-- Given data follows --

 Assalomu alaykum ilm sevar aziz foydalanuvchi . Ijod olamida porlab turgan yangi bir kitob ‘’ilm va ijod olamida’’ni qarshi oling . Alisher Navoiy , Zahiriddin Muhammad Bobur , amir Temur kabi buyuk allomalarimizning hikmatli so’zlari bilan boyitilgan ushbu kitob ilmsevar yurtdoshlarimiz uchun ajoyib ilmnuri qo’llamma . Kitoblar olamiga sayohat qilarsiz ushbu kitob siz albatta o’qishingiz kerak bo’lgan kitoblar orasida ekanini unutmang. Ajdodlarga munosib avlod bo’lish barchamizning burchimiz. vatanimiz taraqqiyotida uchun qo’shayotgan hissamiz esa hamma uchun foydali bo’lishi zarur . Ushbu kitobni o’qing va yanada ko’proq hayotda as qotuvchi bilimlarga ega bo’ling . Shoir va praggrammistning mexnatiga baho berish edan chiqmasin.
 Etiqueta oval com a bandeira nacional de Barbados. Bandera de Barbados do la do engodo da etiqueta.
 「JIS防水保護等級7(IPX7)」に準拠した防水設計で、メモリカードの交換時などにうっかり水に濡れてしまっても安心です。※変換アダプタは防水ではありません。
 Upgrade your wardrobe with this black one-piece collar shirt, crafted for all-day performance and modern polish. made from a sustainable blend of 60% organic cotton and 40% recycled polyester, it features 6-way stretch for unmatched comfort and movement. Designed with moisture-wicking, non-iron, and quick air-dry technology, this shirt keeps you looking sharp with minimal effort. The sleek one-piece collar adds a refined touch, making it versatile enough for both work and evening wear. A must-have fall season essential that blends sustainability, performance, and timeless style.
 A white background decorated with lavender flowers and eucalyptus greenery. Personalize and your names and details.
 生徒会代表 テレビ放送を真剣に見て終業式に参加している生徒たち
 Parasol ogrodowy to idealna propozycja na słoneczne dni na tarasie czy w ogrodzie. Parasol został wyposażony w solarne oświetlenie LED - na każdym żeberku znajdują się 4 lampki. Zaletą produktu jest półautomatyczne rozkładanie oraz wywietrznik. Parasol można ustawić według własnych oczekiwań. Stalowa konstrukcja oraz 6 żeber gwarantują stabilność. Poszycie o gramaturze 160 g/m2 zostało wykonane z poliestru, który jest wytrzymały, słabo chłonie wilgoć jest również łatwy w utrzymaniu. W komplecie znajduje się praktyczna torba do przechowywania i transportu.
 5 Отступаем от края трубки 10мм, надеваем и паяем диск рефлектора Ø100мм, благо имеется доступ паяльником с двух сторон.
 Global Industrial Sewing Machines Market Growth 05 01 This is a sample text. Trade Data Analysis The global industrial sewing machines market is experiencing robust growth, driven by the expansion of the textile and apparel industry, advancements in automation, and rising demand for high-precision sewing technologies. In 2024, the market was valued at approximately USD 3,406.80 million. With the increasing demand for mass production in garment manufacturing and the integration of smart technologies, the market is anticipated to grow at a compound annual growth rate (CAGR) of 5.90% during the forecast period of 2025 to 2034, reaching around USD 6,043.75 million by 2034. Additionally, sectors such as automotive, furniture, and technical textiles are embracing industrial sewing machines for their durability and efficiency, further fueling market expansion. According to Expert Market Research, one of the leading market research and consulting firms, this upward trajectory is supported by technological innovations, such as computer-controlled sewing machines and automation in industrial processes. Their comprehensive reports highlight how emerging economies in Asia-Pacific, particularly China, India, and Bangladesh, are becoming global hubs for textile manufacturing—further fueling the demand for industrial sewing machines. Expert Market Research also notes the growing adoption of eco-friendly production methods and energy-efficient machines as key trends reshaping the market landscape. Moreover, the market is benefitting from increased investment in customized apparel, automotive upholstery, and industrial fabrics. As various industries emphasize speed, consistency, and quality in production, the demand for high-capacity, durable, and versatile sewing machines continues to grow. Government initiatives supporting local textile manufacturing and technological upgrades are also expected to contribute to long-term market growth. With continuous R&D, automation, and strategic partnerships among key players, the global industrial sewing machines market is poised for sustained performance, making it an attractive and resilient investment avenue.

-- Given data concluded --

> **Task description**
Output the records above, each one exactly, with none left out.

> **Written response**
 Assalomu alaykum ilm sevar aziz foydalanuvchi . Ijod olamida porlab turgan yangi bir kitob ‘’ilm va ijod olamida’’ni qarshi oling . Alisher Navoiy , Zahiriddin Muhammad Bobur , amir Temur kabi buyuk allomalarimizning hikmatli so’zlari bilan boyitilgan ushbu kitob ilmsevar yurtdoshlarimiz uchun ajoyib ilmnuri qo’llamma . Kitoblar olamiga sayohat qilarsiz ushbu kitob siz albatta o’qishingiz kerak bo’lgan kitoblar orasida ekanini unutmang. Ajdodlarga munosib avlod bo’lish barchamizning burchimiz. vatanimiz taraqqiyotida uchun qo’shayotgan hissamiz esa hamma uchun foydali bo’lishi zarur . Ushbu kitobni o’qing va yanada ko’proq hayotda as qotuvchi bilimlarga ega bo’ling . Shoir va praggrammistning mexnatiga baho berish edan chiqmasin.
 Etiqueta oval com a bandeira nacional de Barbados. Bandera de Barbados do la do engodo da etiqueta.
 「JIS防水保護等級7(IPX7)」に準拠した防水設計で、メモリカードの交換時などにうっかり水に濡れてしまっても安心です。※変換アダプタは防水ではありません。
 Upgrade your wardrobe with this black one-piece collar shirt, crafted for all-day performance and modern polish. made from a sustainable blend of 60% organic cotton and 40% recycled polyester, it features 6-way stretch for unmatched comfort and movement. Designed with moisture-wicking, non-iron, and quick air-dry technology, this shirt keeps you looking sharp with minimal effort. The sleek one-piece collar adds a refined touch, making it versatile enough for both work and evening wear. A must-have fall season essential that blends sustainability, performance, and timeless style.
 A white background decorated with lavender flowers and eucalyptus greenery. Personalize and your names and details.
 生徒会代表 テレビ放送を真剣に見て終業式に参加している生徒たち
 Parasol ogrodowy to idealna propozycja na słoneczne dni na tarasie czy w ogrodzie. Parasol został wyposażony w solarne oświetlenie LED - na każdym żeberku znajdują się 4 lampki. Zaletą produktu jest półautomatyczne rozkładanie oraz wywietrznik. Parasol można ustawić według własnych oczekiwań. Stalowa konstrukcja oraz 6 żeber gwarantują stabilność. Poszycie o gramaturze 160 g/m2 zostało wykonane z poliestru, który jest wytrzymały, słabo chłonie wilgoć jest również łatwy w utrzymaniu. W komplecie znajduje się praktyczna torba do przechowywania i transportu.
 5 Отступаем от края трубки 10мм, надеваем и паяем диск рефлектора Ø100мм, благо имеется доступ паяльником с двух сторон.
 Global Industrial Sewing Machines Market Growth 05 01 This is a sample text. Trade Data Analysis The global industrial sewing machines market is experiencing robust growth, driven by the expansion of the textile and apparel industry, advancements in automation, and rising demand for high-precision sewing technologies. In 2024, the market was valued at approximately USD 3,406.80 million. With the increasing demand for mass production in garment manufacturing and the integration of smart technologies, the market is anticipated to grow at a compound annual growth rate (CAGR) of 5.90% during the forecast period of 2025 to 2034, reaching around USD 6,043.75 million by 2034. Additionally, sectors such as automotive, furniture, and technical textiles are embracing industrial sewing machines for their durability and efficiency, further fueling market expansion. According to Expert Market Research, one of the leading market research and consulting firms, this upward trajectory is supported by technological innovations, such as computer-controlled sewing machines and automation in industrial processes. Their comprehensive reports highlight how emerging economies in Asia-Pacific, particularly China, India, and Bangladesh, are becoming global hubs for textile manufacturing—further fueling the demand for industrial sewing machines. Expert Market Research also notes the growing adoption of eco-friendly production methods and energy-efficient machines as key trends reshaping the market landscape. Moreover, the market is benefitting from increased investment in customized apparel, automotive upholstery, and industrial fabrics. As various industries emphasize speed, consistency, and quality in production, the demand for high-capacity, durable, and versatile sewing machines continues to grow. Government initiatives supporting local textile manufacturing and technological upgrades are also expected to contribute to long-term market growth. With continuous R&D, automation, and strategic partnerships among key players, the global industrial sewing machines market is poised for sustained performance, making it an attractive and resilient investment avenue.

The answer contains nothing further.